▶ [Brief]
Please write out exactly the lines from the one with "金銀花,一蒂二花,黃色為金,白色為銀,成" through the end of the data below, both ends included, and omit any pictures.

▶ [Material provided]
◇ ◇ ◇ ◇ ◇ ◇ ◇
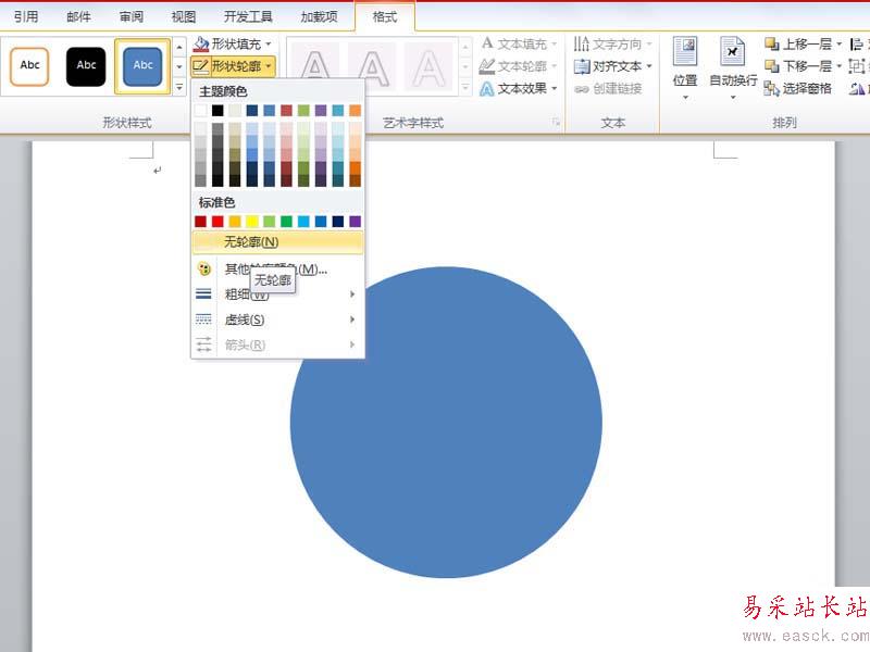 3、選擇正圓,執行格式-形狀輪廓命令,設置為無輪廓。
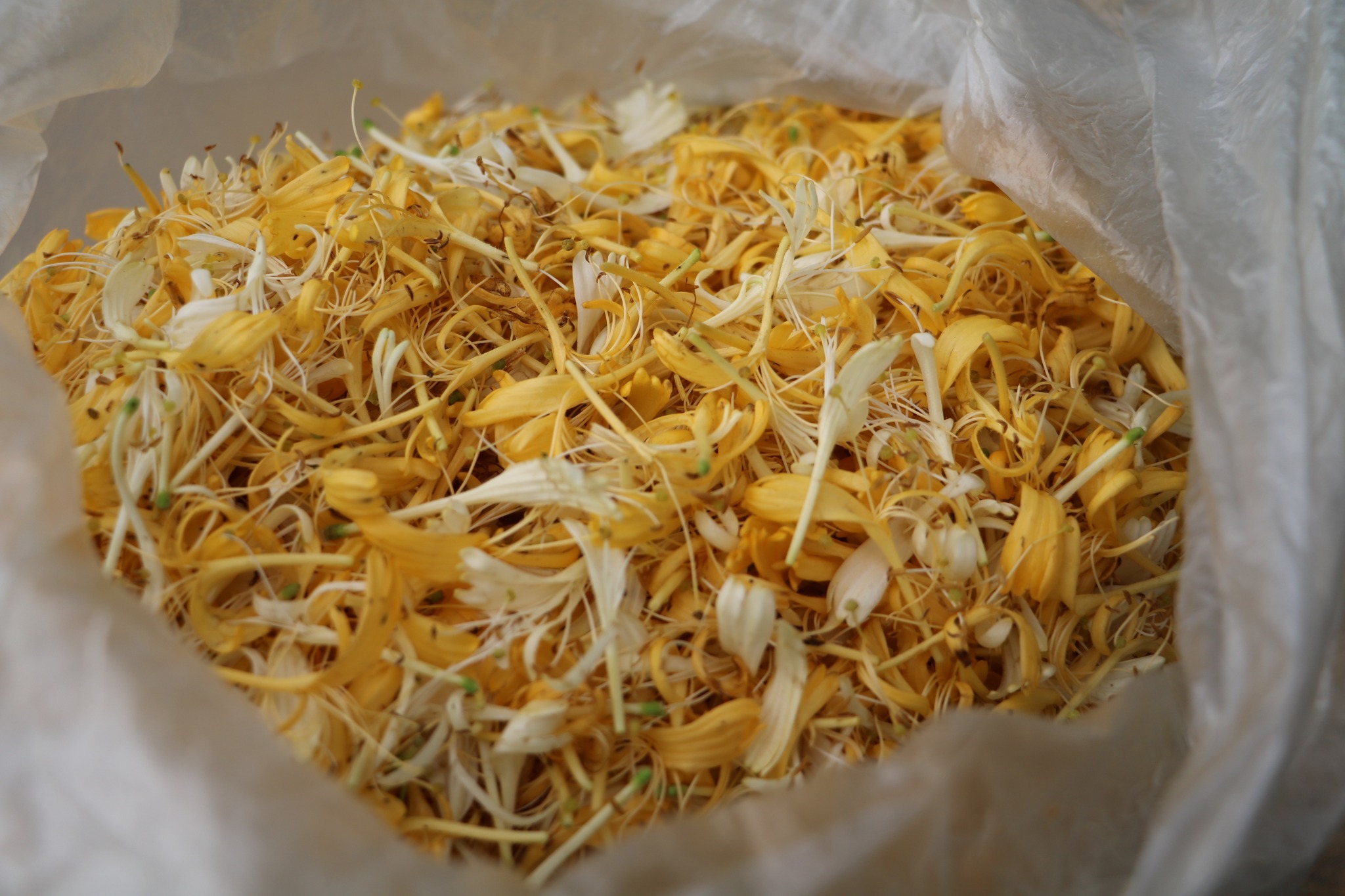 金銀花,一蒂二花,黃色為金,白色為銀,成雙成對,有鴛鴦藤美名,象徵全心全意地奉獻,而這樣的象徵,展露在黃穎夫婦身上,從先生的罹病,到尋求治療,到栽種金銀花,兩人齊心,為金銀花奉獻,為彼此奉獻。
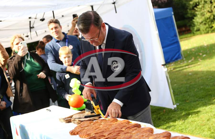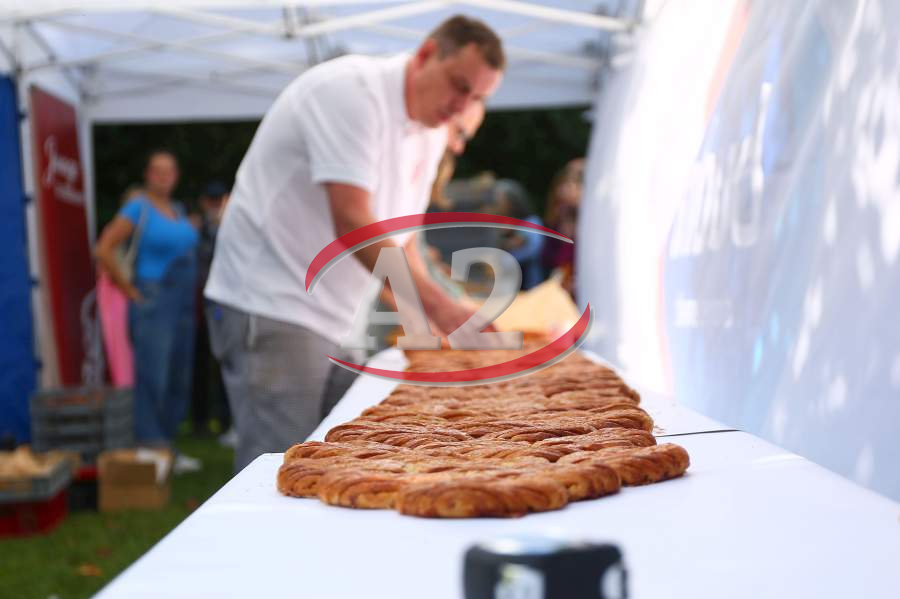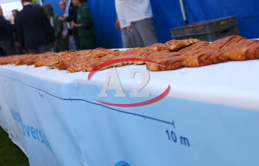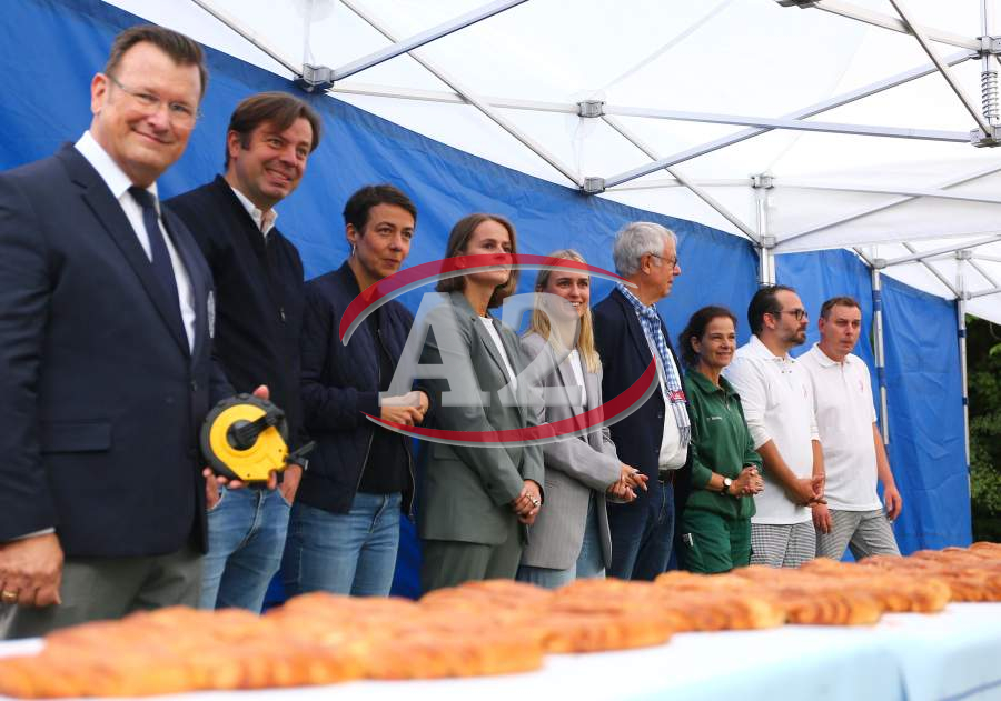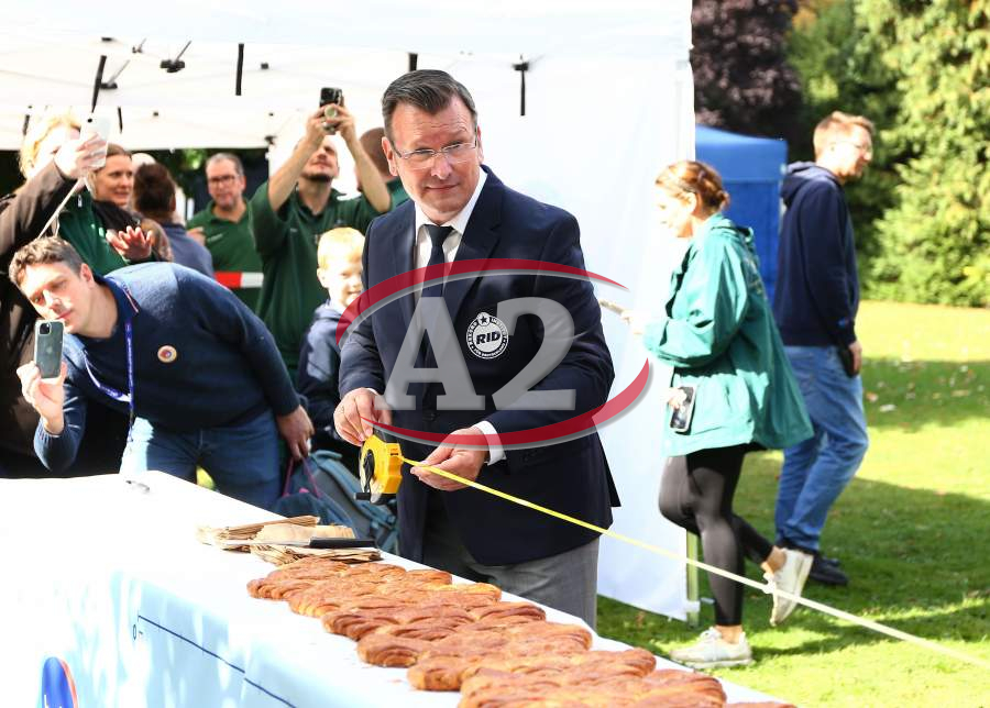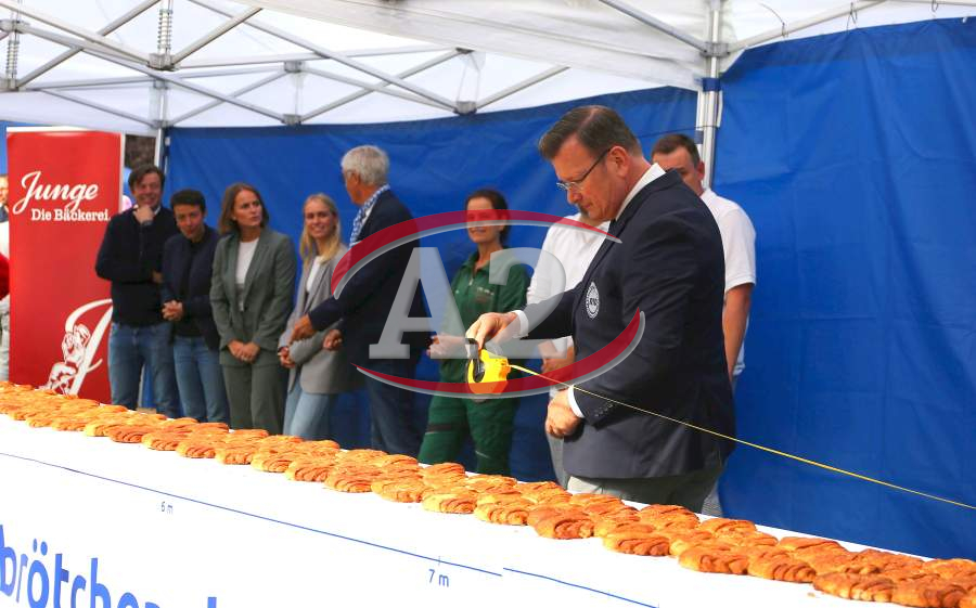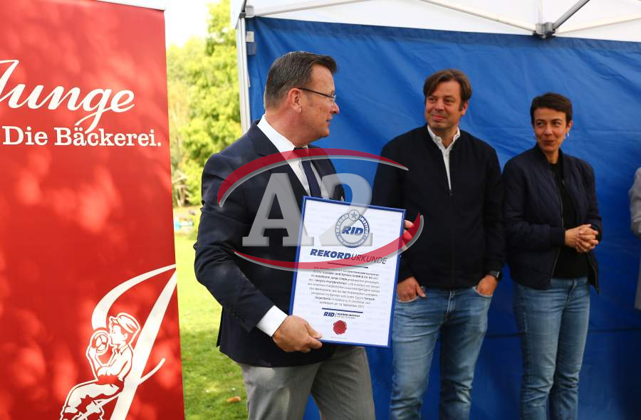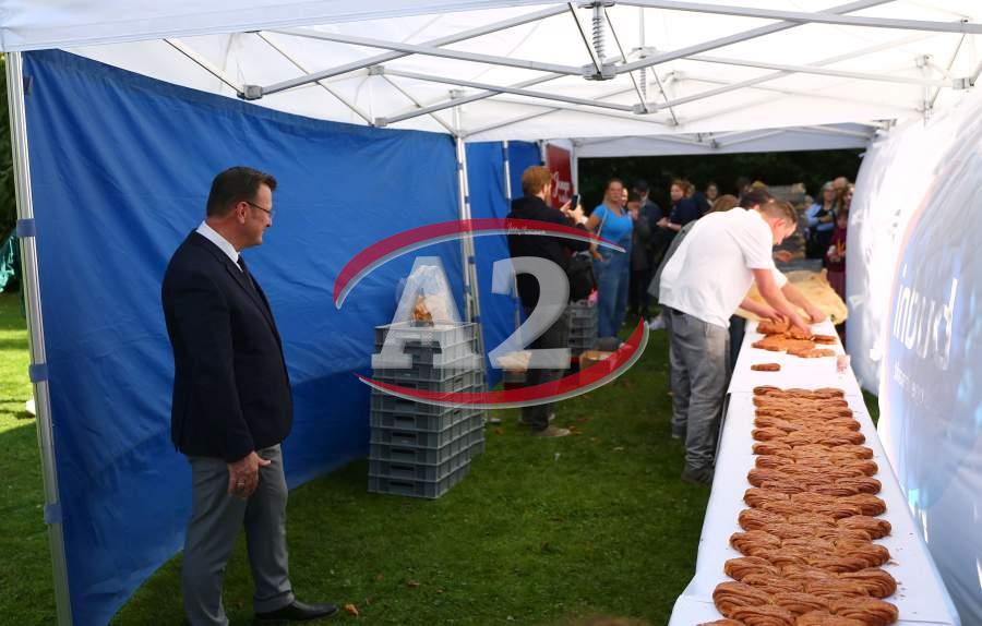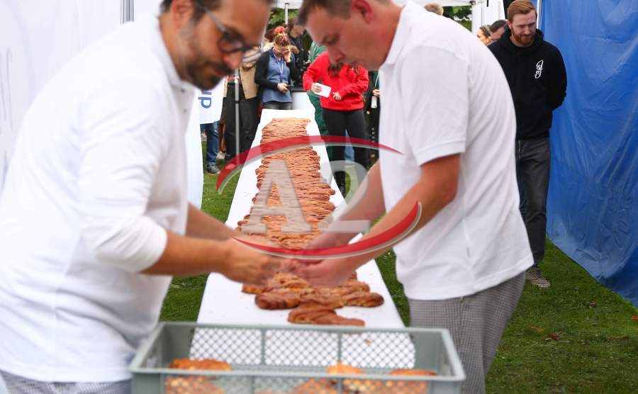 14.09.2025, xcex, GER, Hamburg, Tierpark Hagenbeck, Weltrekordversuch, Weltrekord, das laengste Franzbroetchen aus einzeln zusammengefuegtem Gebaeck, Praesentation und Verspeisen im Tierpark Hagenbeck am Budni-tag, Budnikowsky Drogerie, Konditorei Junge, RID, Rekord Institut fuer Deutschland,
◇ ◇ ◇ ◇ ◇ ◇ ◇
▶ [Solution for this task]
 金銀花,一蒂二花,黃色為金,白色為銀,成雙成對,有鴛鴦藤美名,象徵全心全意地奉獻,而這樣的象徵,展露在黃穎夫婦身上,從先生的罹病,到尋求治療,到栽種金銀花,兩人齊心,為金銀花奉獻,為彼此奉獻。
 14.09.2025, xcex, GER, Hamburg, Tierpark Hagenbeck, Weltrekordversuch, Weltrekord, das laengste Franzbroetchen aus einzeln zusammengefuegtem Gebaeck, Praesentation und Verspeisen im Tierpark Hagenbeck am Budni-tag, Budnikowsky Drogerie, Konditorei Junge, RID, Rekord Institut fuer Deutschland,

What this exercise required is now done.